▸ Exercise data
-------

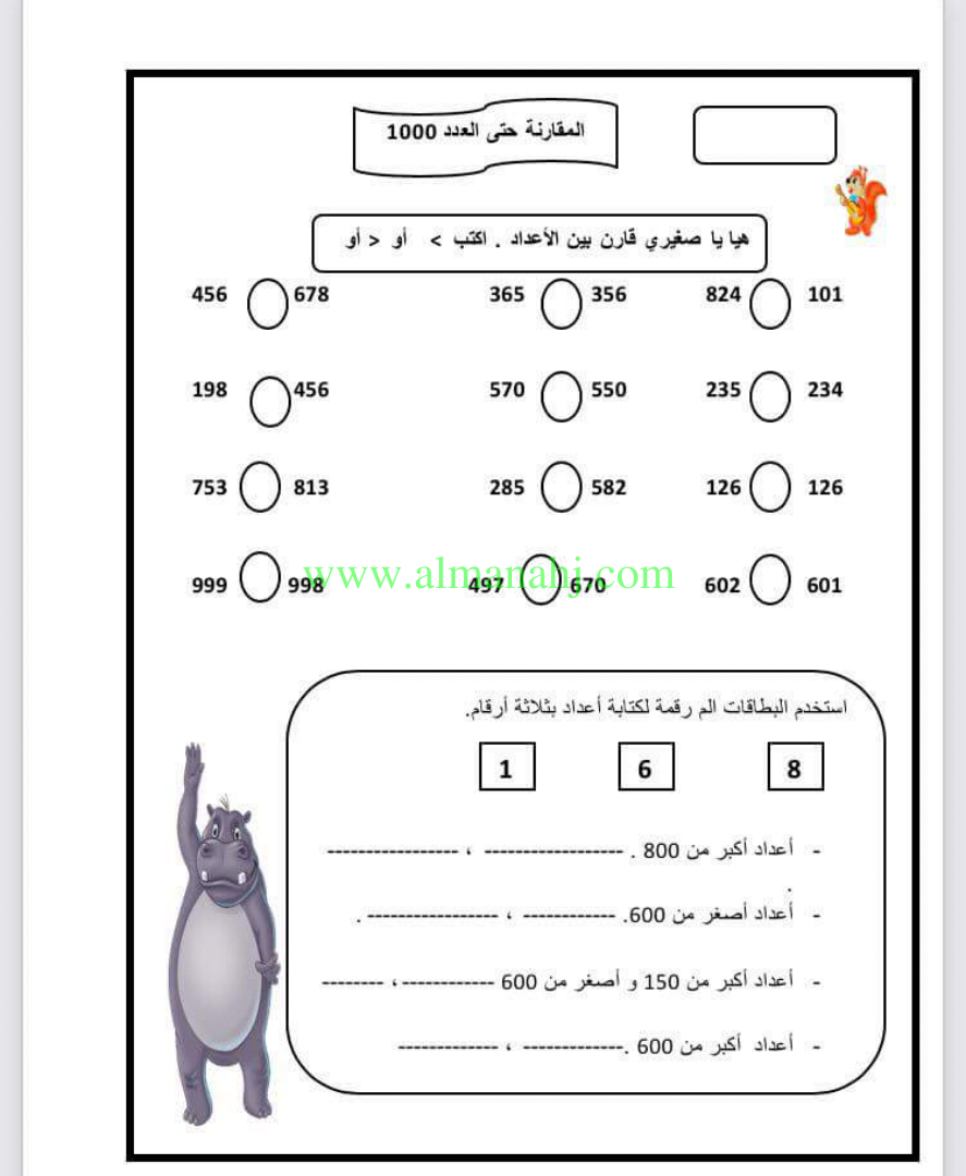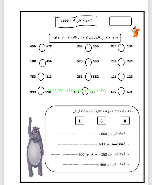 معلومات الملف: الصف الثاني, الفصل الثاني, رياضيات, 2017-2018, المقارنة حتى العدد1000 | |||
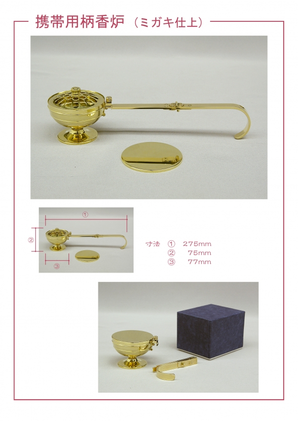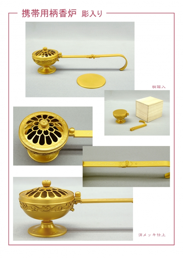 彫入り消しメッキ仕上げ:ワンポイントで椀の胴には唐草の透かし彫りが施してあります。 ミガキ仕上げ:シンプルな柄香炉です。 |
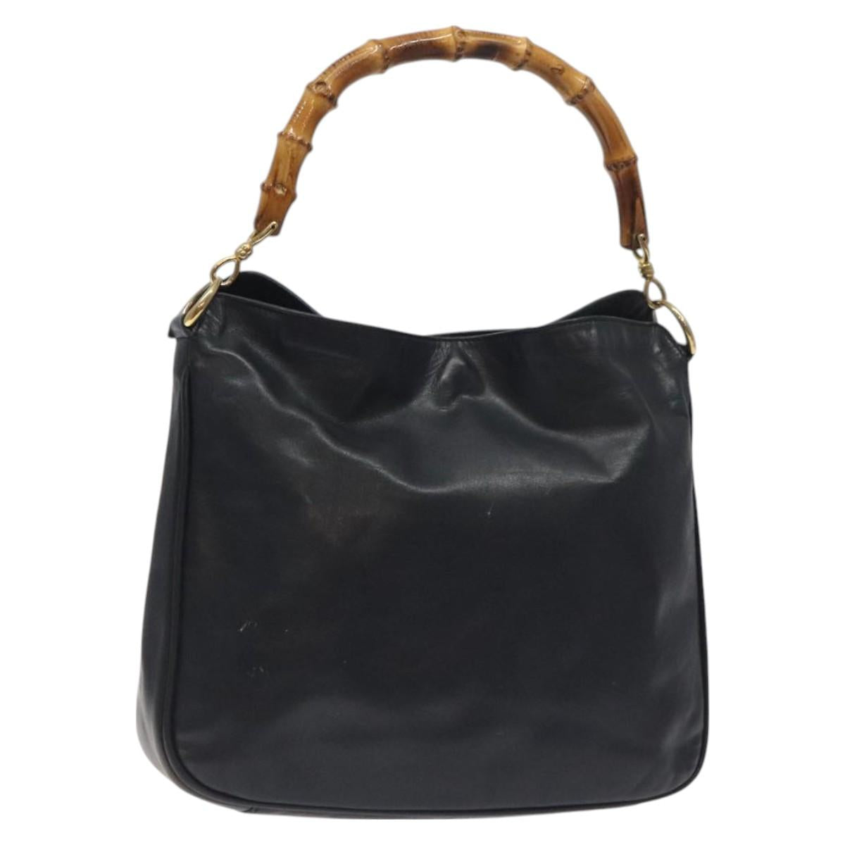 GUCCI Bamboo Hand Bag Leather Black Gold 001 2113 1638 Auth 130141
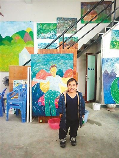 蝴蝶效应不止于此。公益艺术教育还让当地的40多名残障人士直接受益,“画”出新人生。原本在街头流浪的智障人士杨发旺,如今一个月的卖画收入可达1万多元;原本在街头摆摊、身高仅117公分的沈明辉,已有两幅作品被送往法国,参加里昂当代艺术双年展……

-------

▸ Exercise prompt
When you copy the data, keep every line exact and drop the pictures.

▸ Answer to this exercise
 معلومات الملف: الصف الثاني, الفصل الثاني, رياضيات, 2017-2018, المقارنة حتى العدد1000 | |||
 彫入り消しメッキ仕上げ:ワンポイントで椀の胴には唐草の透かし彫りが施してあります。 ミガキ仕上げ:シンプルな柄香炉です。 |
 GUCCI Bamboo Hand Bag Leather Black Gold 001 2113 1638 Auth 130141
 蝴蝶效应不止于此。公益艺术教育还让当地的40多名残障人士直接受益,“画”出新人生。原本在街头流浪的智障人士杨发旺,如今一个月的卖画收入可达1万多元;原本在街头摆摊、身高仅117公分的沈明辉,已有两幅作品被送往法国,参加里昂当代艺术双年展……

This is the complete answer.